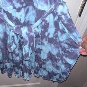 Super soft tie dye romper with pockets!! The colors are a light blue when darker purple the dye. NWT
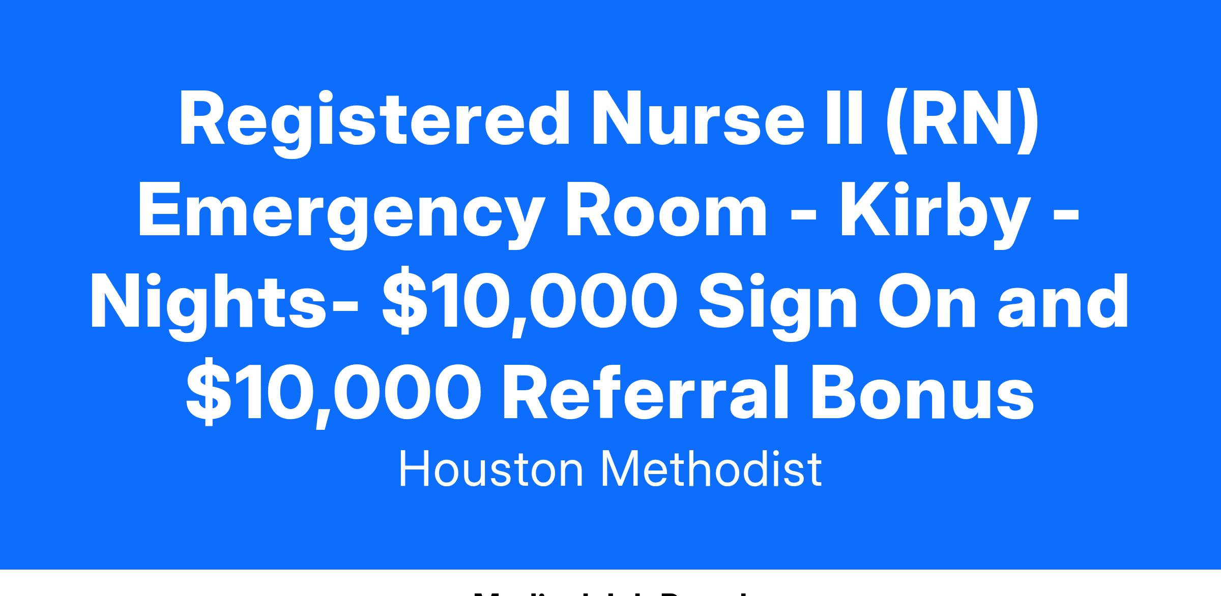 Registered Nurse II (RN) Emergency Room - Kirby - Nights- $10,000 Sign On and $10,000 Referral Bonus
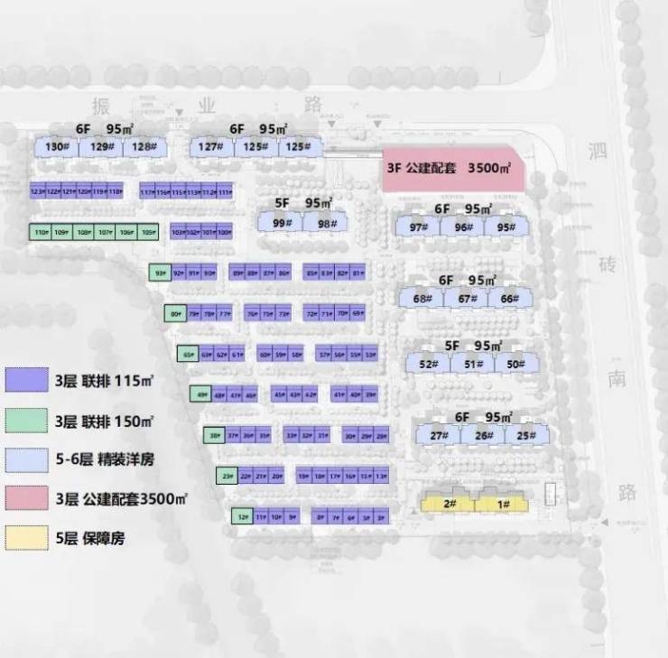 产品类型洋房总户数230套总占地面积约34042.3㎡总建筑面积约37446.53 ㎡容积率1.1绿地率约35%物业类型70年产权住宅梯户比一梯两户层高6层交付标准部分精装、部分毛坯得房率79%开发商上海中建大椿房地产开发有限公司层高2.95米物业费4.85元/平/月物业公司绿城物业拿地时间2022年9月交房时间2025年4月在售套数182套洋房在售房源96㎡洋房 三房两厅两卫(精装、部分毛坯)81㎡ 2房2厅2卫(3套1楼毛坯)楼栋分布图
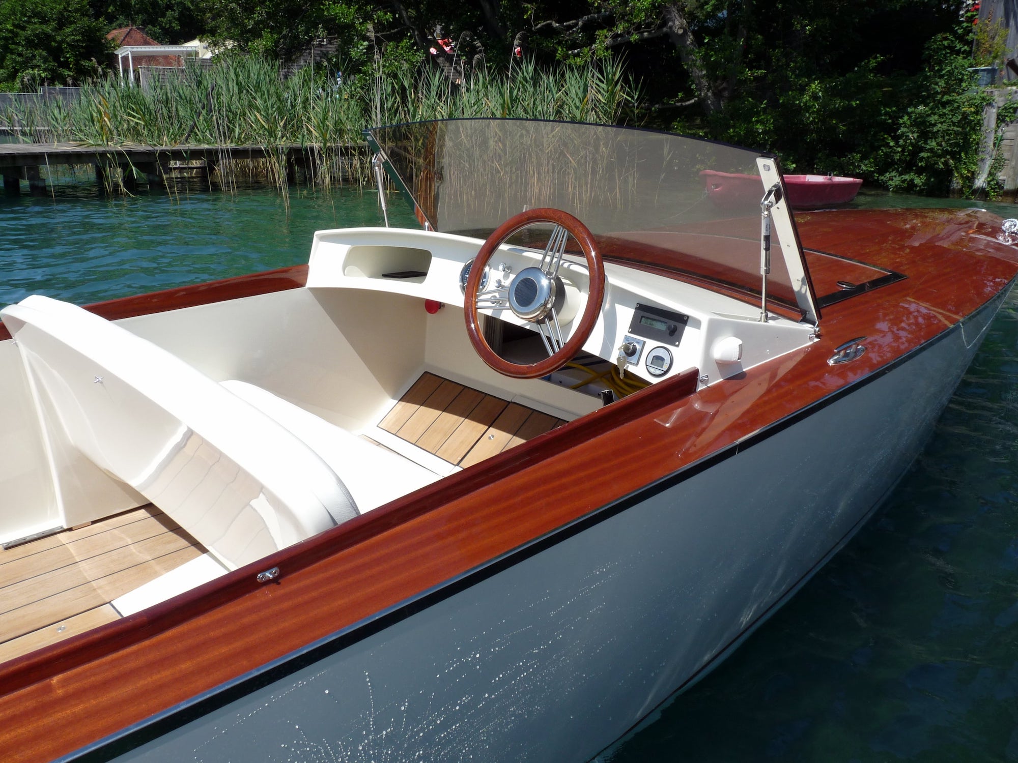 The latest knowledge in boat building techniques and electric propulsion systems makes an uncompromised, zero emission boating experience possible today. Quiet, highly efficient electric motor is built into a timeless design.
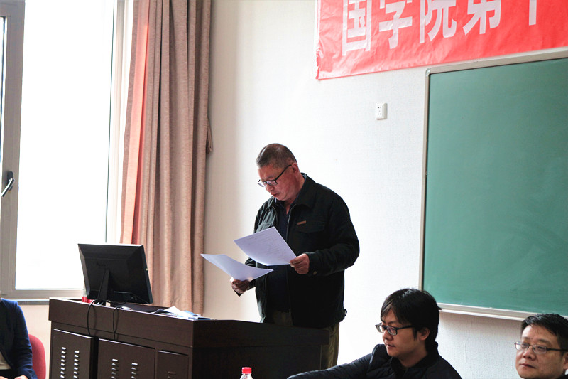 李肖教授代表西域教研室发言。他结合自己的学术背景,对四篇参赛论文的内容做了简要介绍,对作者的写作思路做了大致梳理,并着重介绍了几处亮点。李老师表示,西域组参赛论文数量较少,这多少令人有些遗憾。他鼓励同学们在今后进一步加强学术训练,积极参与论文大赛,并从中获得提高。
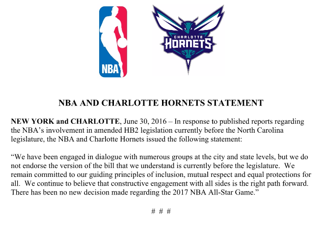 NBA Statement on HB2 June 30, 2016Scotty & Evan Share this: Click to share on X (Opens in new window) X Click to share on Facebook (Opens in new window) Facebook Like Loading... Related
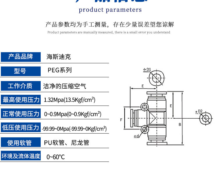 首页>气动液压>气动元件>气动辅助元件>气动快速接头>海斯迪克 PEG塑料T型变径三通快插接头
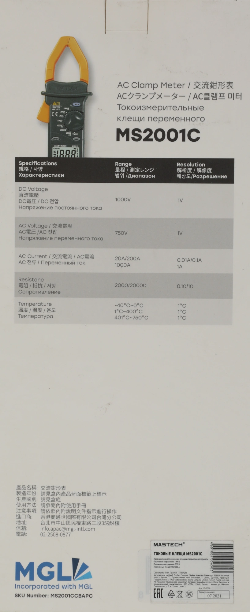 Токоизмерительные клещи MS2001 предназначены для измерения силы переменного тока, постоянного и переменного напряжения и сопротивления. С помощью данного прибора можно проверить качество соединений в электрической схеме. Последний полученный результат можно зафиксировать с помощью функции DATA HOLD.
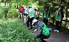 この活動は、里山保全による環境保護を目的に、毎年春と秋の2回、グループ社員とその家族および退職者が参加しています。
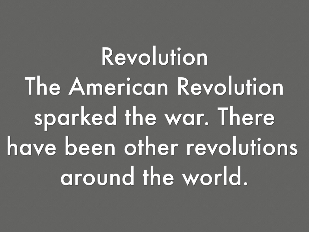The American Revolution sparked the war. There have been other revolutions around the world.
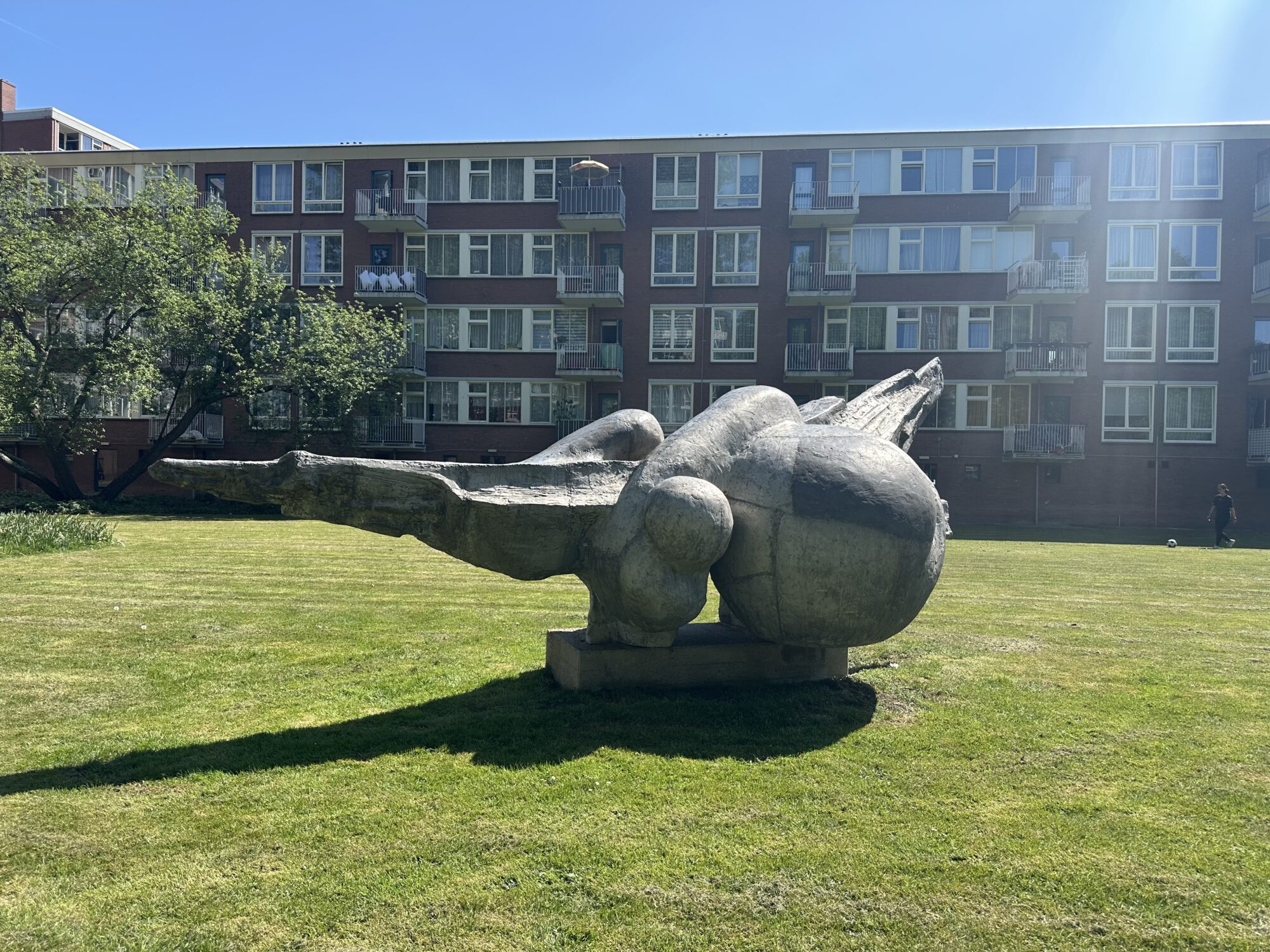 Tussen de Jan Voermanstraat en Jan Tooropstraat ligt een vijf meter lang aluminium lichaam: Erotica van Erwin de Vries. Deze ode aan de erotiek werd in 1973 onthuld, en belichaamt de levensdrift die de kunstenaar als essentie van het bestaan zag. Ronde en hoekige vormen vloeien in elkaar over, een gestileerde vrouwelijke figuur die kracht en overgave tegelijk uitstraalt.
§ §
[Your goal]
Repeat the exact lines from the first line of the data through the line containing "The American Revolution". Nothing else, no pictures.

[Solution to the problem]
 Super soft tie dye romper with pockets!! The colors are a light blue when darker purple the dye. NWT
 Registered Nurse II (RN) Emergency Room - Kirby - Nights- $10,000 Sign On and $10,000 Referral Bonus
 产品类型洋房总户数230套总占地面积约34042.3㎡总建筑面积约37446.53 ㎡容积率1.1绿地率约35%物业类型70年产权住宅梯户比一梯两户层高6层交付标准部分精装、部分毛坯得房率79%开发商上海中建大椿房地产开发有限公司层高2.95米物业费4.85元/平/月物业公司绿城物业拿地时间2022年9月交房时间2025年4月在售套数182套洋房在售房源96㎡洋房 三房两厅两卫(精装、部分毛坯)81㎡ 2房2厅2卫(3套1楼毛坯)楼栋分布图
 The latest knowledge in boat building techniques and electric propulsion systems makes an uncompromised, zero emission boating experience possible today. Quiet, highly efficient electric motor is built into a timeless design.
 李肖教授代表西域教研室发言。他结合自己的学术背景,对四篇参赛论文的内容做了简要介绍,对作者的写作思路做了大致梳理,并着重介绍了几处亮点。李老师表示,西域组参赛论文数量较少,这多少令人有些遗憾。他鼓励同学们在今后进一步加强学术训练,积极参与论文大赛,并从中获得提高。
 NBA Statement on HB2 June 30, 2016Scotty & Evan Share this: Click to share on X (Opens in new window) X Click to share on Facebook (Opens in new window) Facebook Like Loading... Related
 首页>气动液压>气动元件>气动辅助元件>气动快速接头>海斯迪克 PEG塑料T型变径三通快插接头
 Токоизмерительные клещи MS2001 предназначены для измерения силы переменного тока, постоянного и переменного напряжения и сопротивления. С помощью данного прибора можно проверить качество соединений в электрической схеме. Последний полученный результат можно зафиксировать с помощью функции DATA HOLD.
 この活動は、里山保全による環境保護を目的に、毎年春と秋の2回、グループ社員とその家族および退職者が参加しています。
The American Revolution sparked the war. There have been other revolutions around the world.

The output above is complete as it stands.